A dazzling fusion of graham cracker, malt, cherry, and brown sugar. There is some elegance to its complexity as the flavors mingle and open up. At times the malt notes can be quite assertive and help elevate this bourbon to great heights. It’s an unique array of flavors that combine to make for a surprisingly enjoyable sipping bourbon.
A bit of heat ramps up during the finish and briefly mutes some of the palate’s flavors. As it resides, a nice amount of mild smoky notes become more noticeable overtop a malty and a dry oak base. It’s a medium-long finish that’s light on intensity and doesn’t bring any new flavors to the sip, but overall hard to find any faults with.
Every year the Woodford Master’s Collection surprises bourbon drinkers with its peculiar and at times frankenstein-like concoctions. For every successful release like 2007’s Sonoma-Cutrer Chardonnay Finish and 2012/2013’s Four Wood, there are disappointments like 2014’s Pinot Noir Finish and 2015’s 1838’s Style White Corn. While the series hasn’t had the best track record, it’s hard to call it boring or unoriginal.

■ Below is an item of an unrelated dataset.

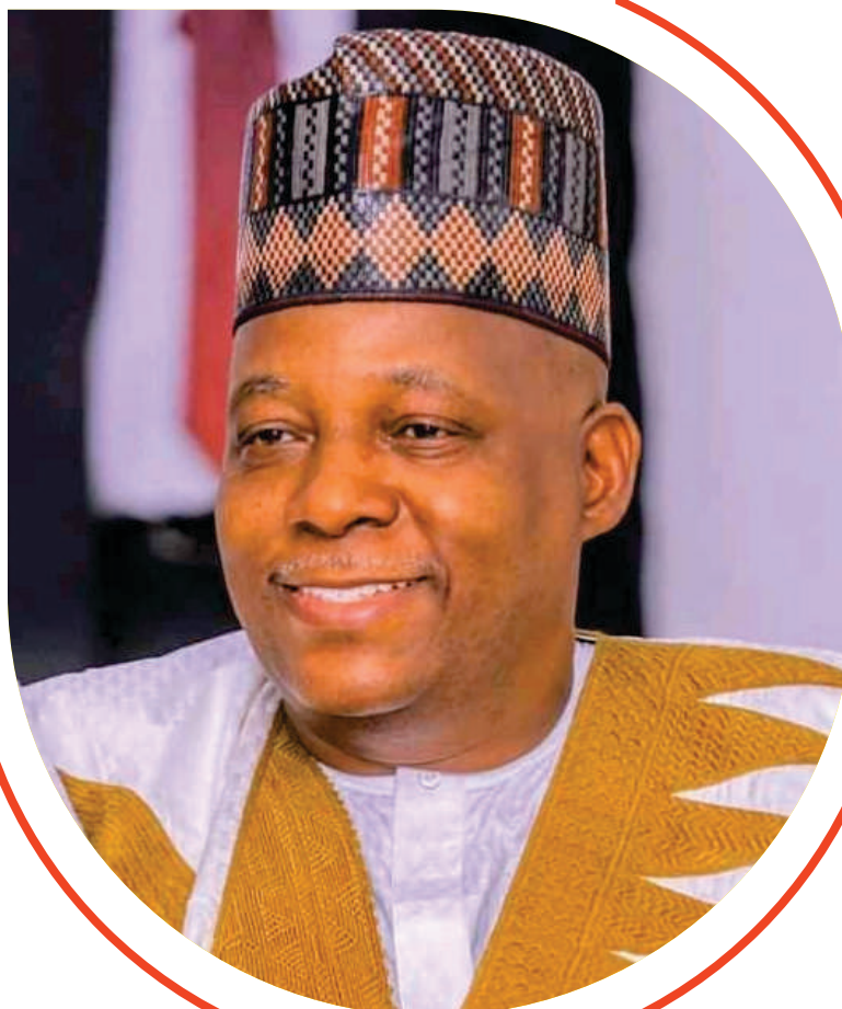
HIS EXCELLENCY, KASHIM SHETTIMA (GCON) VICE PRESIDENT OF FEDERAL REPUBLIC OF NIGERIA

With many American malt whiskeys being made more commonly by craft distilleries, it’s always noteworthy when a major Kentucky master distiller takes a stab at one. Morris already released a malt whiskey in the Master’s Collection in 2013, but with this year’s few modifications, he manages to add just the right amount of spin to make it a winner. Sometimes these type of experimental-type bourbons can come off tasting manufactured or the unique flavor element tasting like it was simply tacked on. At no point does this taste like a barrel finished bourbon or additive flavoring, rather an attempt at something completely new from the ground up. The flavors are intertwined which results in a decent amount of complexity and intricacy. It’s an excellent sipping bourbon because it surprises without being offensive, and it’s complex enough without being boring.

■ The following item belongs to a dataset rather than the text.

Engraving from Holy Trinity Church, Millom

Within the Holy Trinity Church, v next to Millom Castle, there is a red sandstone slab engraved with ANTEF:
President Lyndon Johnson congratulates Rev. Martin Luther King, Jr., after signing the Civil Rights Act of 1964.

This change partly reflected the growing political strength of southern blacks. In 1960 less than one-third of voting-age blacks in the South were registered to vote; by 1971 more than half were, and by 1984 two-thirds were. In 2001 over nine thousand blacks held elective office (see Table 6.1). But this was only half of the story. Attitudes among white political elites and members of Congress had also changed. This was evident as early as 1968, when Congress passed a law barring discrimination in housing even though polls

With Woodford’s lackluster track record of their Master’s Collection, many bourbon drinkers remain hesitant opening up their wallets each year for this series. There also isn’t the push that this is truly a limited, rare, or an overwhelmingly in-demand release that turns it into an impulse buy. Despite the general aversion from many in the bourbon community regarding this series, from speaking with store owners, I’m often told they don’t have any issues moving multiple cases of it. Where a few years ago charging $100 for experimental-type limited releases such as this, Parker’s Heritage Collection, and Willett XCF was harder to swallow, it’s sadly becoming less so. Any purchase is a gamble and that’s even more so with a series like this, but this year, $100 for Cherry Wood Smoked Barley is easier to swallow, in more ways than one.
A very enjoyable sipping bourbon that fuses unique flavors together with surprisingly complex and satisfying results.

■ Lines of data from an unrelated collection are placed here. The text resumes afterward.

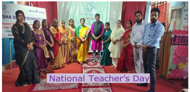
National Teacher's Day
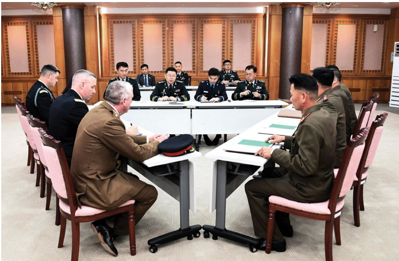
Military officers from the US-led United Nations Command, South Korea, and North Korea (clockwise from left) attend an October 16, 2018 meeting in the Demilitarized Zone to discuss efforts to ban weapons in the border village of Panmunjom.

monitoring and preventing North Korea’s illicit ship-to-ship transfers), and would manage force flows in a contingency scenario. 136 In recent years, the UN Command has undergone a formal “revitalization” process to strengthen the role of sending states in a potential crisis. 137 The Moon administration has expressed concern, however, that Washington could use the UN Command to maintain control over the Combined Forces Command and ROK forces during a military crisis, even after the transition of wartime operational control, by defining the situation as a violation rather than nullification of the armistice. 138
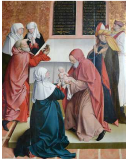
The Master of Großgmain created panel paintings depicting scenes from the life of Christ.

The Woodford Master’s Collection is often the punching bag for many bourbon drinkers. Many people love to hate it, but a lot of that has to do with the seemingly random erratic swings of the series. Often it continually pushes the boundaries of whiskeys and even the definition of what it means to be a bourbon. As a result, the series sees drastic swings in quality and quite frankly, drinkability.
There will certainly be some bourbon drinkers thrown off-balance by the taste of this bourbon, but not so much to completely fall down. In a market full of similar tasting bourbons and gimmick-fueled releases, there’s room for a well-made, outside-the-box bourbon to succeed. As Woodford probably knows more than most companies, that’s easier said than done. With Cherry Wood Smoked Barley they can put a check in the win column this year.
The sample used for this review was provided at no cost courtesy of Brown-Forman. We thank them for allowing us to review it with no strings attached.